# He still thinks he's a small puppy! Lots of pics.



## deja-k (Nov 26, 2012)

Meet...Tyson.

Caught him trying to fit himself on the cat's bed..









This is his..."I'm bored, play with me" look









Tyson's Halloween costume...I thought it was cute on him!









He uses them as pillows. This is him & our 1 yr old female cat









He goes bananas when my bf takes his RC car out..



















I was messing with my camera and he was my test subject, as usual









Took him to a car meet and the photographer took this pic of him









That's it. I have too much fun taking pictures of him.


----------



## Cain's Mom (Oct 25, 2012)

He is just too cute! I love the one In the cat bed haha.

Sent from my iPhone using Petguide.com Free App


----------



## Princesspaola21 (Oct 30, 2012)

I love this dog!!

Sent from my iPhone using Petguide.com Free App


----------



## deja-k (Nov 26, 2012)

Princesspaola21 said:


> I love this dog!!
> 
> Sent from my iPhone using Petguide.com Free App


He would love you too!



Cain's Mom said:


> He is just too cute! I love the one In the cat bed haha.
> 
> Sent from my iPhone using Petguide.com Free App


HAHA. Yea..that's one of my favorites. I was laughing so much when I saw him on there. When I asked him, "What are you doing there?" He glanced up and looked at me. He held that look long enough for me to snap a pic of him. LOL. Silly.


----------



## Princesspaola21 (Oct 30, 2012)

My dogs never sit still long enough for me to get a pic! My 50 lb mix was curled up in his dog bowl today and as soon as I pulled out my phone he's like HEY WHATCHA DOIN tail wagging shaking jumping lol.
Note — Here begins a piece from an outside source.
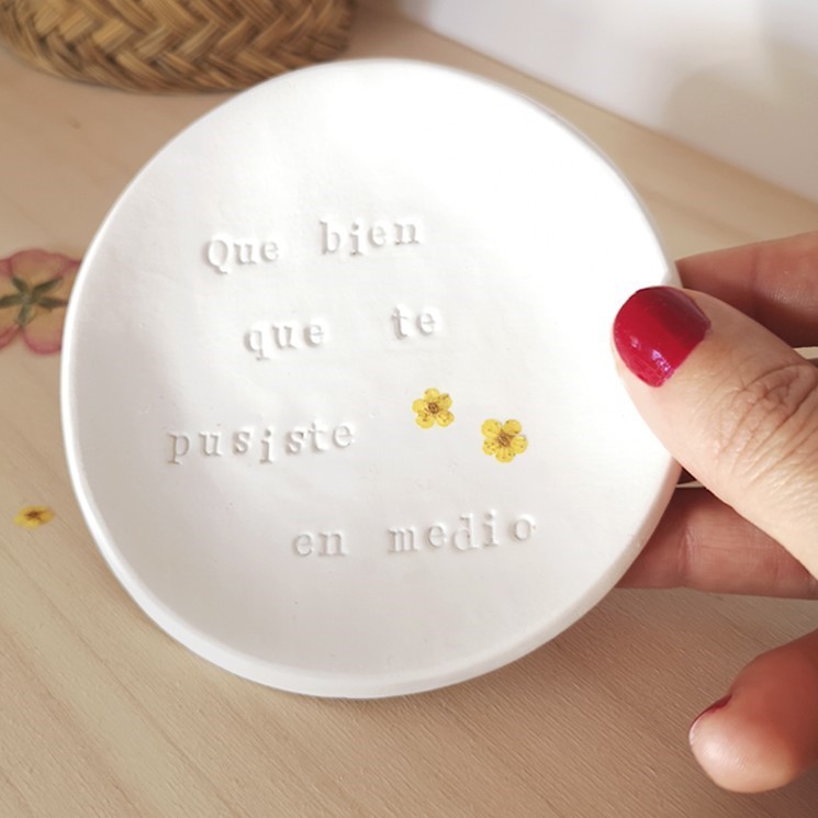 Escribe la frase que quieres en la cajita de texto, si quieres que lo prepare con agujeritos para atar los anillos o colgarlo, escríbelo también. Selecciona la cinta que quieres del desplegable y en un máximo de 10 días laborables te enviamos tu porta alianzas a casa. ¡Fácil!

Sent from my iPhone using Petguide.com Free App


----------



## Cain's Mom (Oct 25, 2012)

Princesspaola21 said:


> My dogs never sit still long enough for me to get a pic! My 50 lb mix was curled up in his dog bowl today and as soon as I pulled out my phone he's like HEY WHATCHA DOIN tail wagging shaking jumping lol.
> 
> Sent from my iPhone using Petguide.com Free App


That's my two! They'll be all cute and as soon as they hear my phone click or see it they gotta be up in my business haha! I am jealous of these adorable pictures posted! Mine are butthead a 

Sent from my iPhone using Petguide.com Free App


----------



## Celly_Cells_Kenya (Aug 27, 2012)

good lookin boy!!! i love the "i want to play" face. kenya does the same thing lol... cute cute cute!


----------



## deja-k (Nov 26, 2012)

Celly_Cells_Kenya said:


> good lookin boy!!! i love the "i want to play" face. kenya does the same thing lol... cute cute cute!
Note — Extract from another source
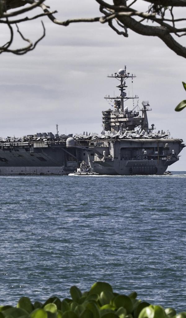 Wallpaper Aircraft carrier off the coast of

Thanks! I love that face...how can you resist?!


----------



## Black Rabbit (Nov 14, 2009)

Great pics. He's adorable.


----------



## patty (Nov 11, 2012)

In the second to last pic he looks ticked off. 
Very nice looking dog. I love that he thinks he will fit in the cat bed.


----------



## deja-k (Nov 26, 2012)

Thanks kg & patty!

Sent from my iPhone using Petguide.com Free App


----------



## TheIncredibleSocks (Sep 8, 2012)

Beautiful dog My fave is the Halloween one


----------



## deja-k (Nov 26, 2012)

TheIncredibleSocks said:


> Beautiful dog My fave is the Halloween one


Thank you! It was the only costume that fit him!
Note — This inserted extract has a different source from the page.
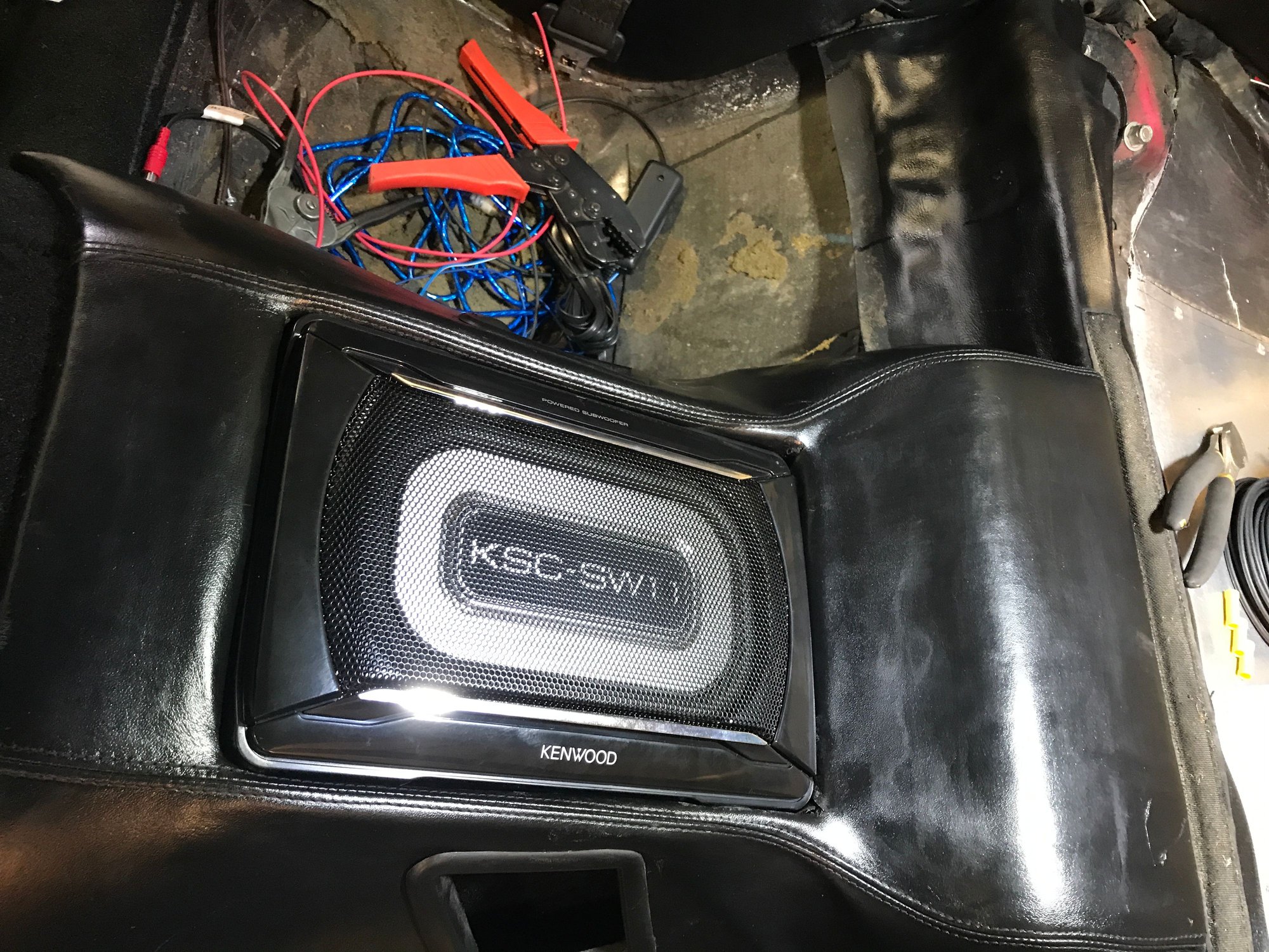Finishing up the interior on my LS conversion and was looking for a place to mount my sub because it would not fit under the seats and I did not want to mount it in the foot well or the back deck. So this is what I came up with

Sent from my iPhone using Petguide.com Free App


----------



## ames (Jun 6, 2010)

Hahahaha those are great. The cat bed is my favorite. He is really handsome!

Sent from my iPhone using Petguide.com App


----------



## deja-k (Nov 26, 2012)

ames said:


> Hahahaha those are great. The cat bed is my favorite. He is really handsome!
> 
> Sent from my iPhone using Petguide.com App


Thanks Ames!

Sent from my iPhone using Petguide.com Free App


----------



## Trock10 (Jul 8, 2012)

Beautiful pup

Sent from my iPhone using Petguide.com Free App


----------



## deja-k (Nov 26, 2012)

Trock10 said:


> Beautiful pup
> 
> Sent from my iPhone using Petguide.com Free App


Thanks!

Sent from my iPhone using Petguide.com Free App


----------



## ChaChi (Nov 24, 2012)

I love his coat. And nice ear job!


----------



## deja-k (Nov 26, 2012)

ChaChi said:


> I love his coat. And nice ear job!


Thanks! I didn't want his ears cropped..he's too cute with them.

Sent from my iPhone using Petguide.com Free App


----------



## ChaChi (Nov 24, 2012)

deja-k said:


> Thanks! I didn't want his ears cropped..he's too cute with them.
> 
> Sent from my iPhone using Petguide.com Free App


That's the same way I prefer my dogs ears


----------